If the above command does not show any value and shows message something like "Configuration parameter misscount is not defined", then it means default CSSD misscount has been used for CRS, in which case please refer to sections for Oracle 10g or 11g below as per the Oracle version installed. Otherwise If CSSD default value has not been used, then refer to "For non-default CSSD misscount value" section.

The default CSSD value for Oracle 10g is 60 seconds and for Oracle 11g it is 30 seconds. So, if the above command output shows the same default value, even then refer to sections for Oracle 10g or 11g below as per the Oracle version installed.

Oracle 10g

If default value for CSSD misscount (60 seconds for Oracle 10g) has not been used, then move to "For non-default CSSD misscount value", otherwise perform the following steps on each cluster node:

Note: Use 150 seconds in all the steps in this procedure to set the value of LLT peerinact timeout if patch for Oracle bug # 5736843 has not been applied, otherwise use 90 seconds for all the steps in the procedure. Refer to "Important Note" in "For non-default CSSD misscount value" section below for more details about the Oracle bug. 150 seconds has been used here in all the steps for LLT peerinact timeout value as an example, but it may be 90 seconds based on the above criteria.

1. Set LLT peerinact timeout to 150 seconds using the following command:
# lltconfig -T peerinact:15000
[Where value of peerinact is in .01 seconds]

2. Verify that peerinact has been set to 150 seconds:
# lltconfig -T query

It should show output like this (with peerinact set to 150 seconds):

Current LLT timer values (.01 sec units):
heartbeat = 50
heartbeatlo = 100
peertrouble = 200
peerinact = 15000
oos = 10
retrans = 10
service = 100
arp = 30000
arpreq = 3000
Current LLT flow control values (in packets):
lowwater = 40

3. Append the following line at the end of /etc/llttab file to make LLT peerinact value persistent across reboots:

set-timer peerinact:15000

After appending the above line, /etc/llttab file should look like this:
# cat /etc/llttab
set-node host1
set-cluster 1234
link eth2 eth-00:15:17:48:b5:80 - ether - -
link eth3 eth-00:15:17:48:b5:81 - ether - -
set-timer peerinact:15000

4. Repeat steps 1-3 on other cluster nodes.

Oracle 11g

If default value for CSSD misscount (30 seconds for Oracle 11g) has not been used, then move to "For non-default CSSD misscount value", otherwise perform the following steps on each cluster node:

Note: Use 90 seconds in all the steps in this procedure to set the value of LLT peerinact timeout if patch for Oracle bug # 5736843 has not been applied, otherwise use 60 seconds for all the steps in the procedure.
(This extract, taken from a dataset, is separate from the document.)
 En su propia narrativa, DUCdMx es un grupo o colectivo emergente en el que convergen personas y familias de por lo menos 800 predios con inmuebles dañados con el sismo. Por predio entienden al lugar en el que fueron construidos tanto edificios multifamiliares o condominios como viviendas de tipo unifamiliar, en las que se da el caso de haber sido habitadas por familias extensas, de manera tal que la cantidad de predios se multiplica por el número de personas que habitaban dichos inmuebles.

Refer to "Important Note" in "For non-default CSSD misscount value" section below for more details about the Oracle bug. 90 seconds has been used here in all the steps for LLT peerinact timeout value as an example, but it may be 60 seconds based on the above criteria:

1. Set LLT peerinact timeout to 90 seconds using the following command:
# lltconfig -T peerinact:9000
[Where value of peerinact is in .01 seconds]
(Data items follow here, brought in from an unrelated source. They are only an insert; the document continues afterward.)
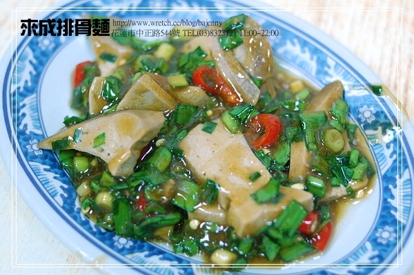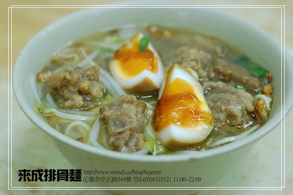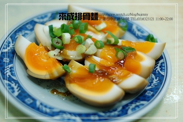 考量到燕子愛吃排骨麵,於是七十年老店的來成排骨麵自然成為來到花蓮的首輪小吃,吃過之後真是差廟東清水排骨麵一大截,湯頭淡而無味,湯頭不好排骨就更不用說了,排骨可是湯頭的靈魂啊!事先大伙在車上還開玩笑的說好吃的話,要開一間在清水排骨麵旁搶生意,最後我連麵跟湯都沒吃完,這念頭馬上破局流標。倒是小菜黃金蛋,獲得Jason和鳥先生不錯的評價。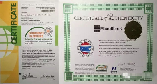 Mr.Ethan Degroot給大家講解了為得一沙發提供的美國進口多功能面料具有的以下“七防”功能,分別是防污、防塵、防靜電、防螨抗菌、防霉、防油漬、阻燃,最終達到高度環保的效果,并且帶來了美國認證的“產品質量認證書”,每位訂購得一M系列沙發的客戶都將得到Microfibres公司提供的證書。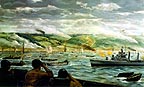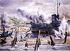 The house in the valley and the spire of Colleville-Sur-Mer on the Hill were landmarks of Fox Green Beach. Germans used the spire for an artillery control tower, with spotters able to see the full panorama of the American forces and direct artillery fire at opportune targets. The churchs lovely renaissance architecture crumbled into sad rubble when a U.S. fire-control party on the beach called on the destroyer U.S.S. Emmons to demolish it. The artist was serving as an identification officer aboard that ship. This was the beach which Hemingway described in his article "Voyage to Victory."

2. Verify that peerinact has been set to 90 seconds:
# lltconfig -T query

It should show output like this (with peerinact set to 90 seconds):

Current LLT timer values (.01 sec units):
heartbeat = 50
heartbeatlo = 100
peertrouble = 200
peerinact = 9000
oos = 10
retrans = 10
service = 100
arp = 30000
arpreq = 3000
Current LLT flow control values (in packets):
lowwater = 40

3. Append the following line at the end of /etc/llttab file to make LLT peerinact value persistent across reboots:

set-timer peerinact:9000

After appending the above line, /etc/llttab file should look like this:
# cat /etc/llttab
set-node host1
set-cluster 1234
link eth2 eth-00:15:17:48:b5:80 - ether - -
link eth3 eth-00:15:17:48:b5:81 - ether - -
set-timer peerinact:9000

4. Repeat steps 1-3 on other cluster nodes.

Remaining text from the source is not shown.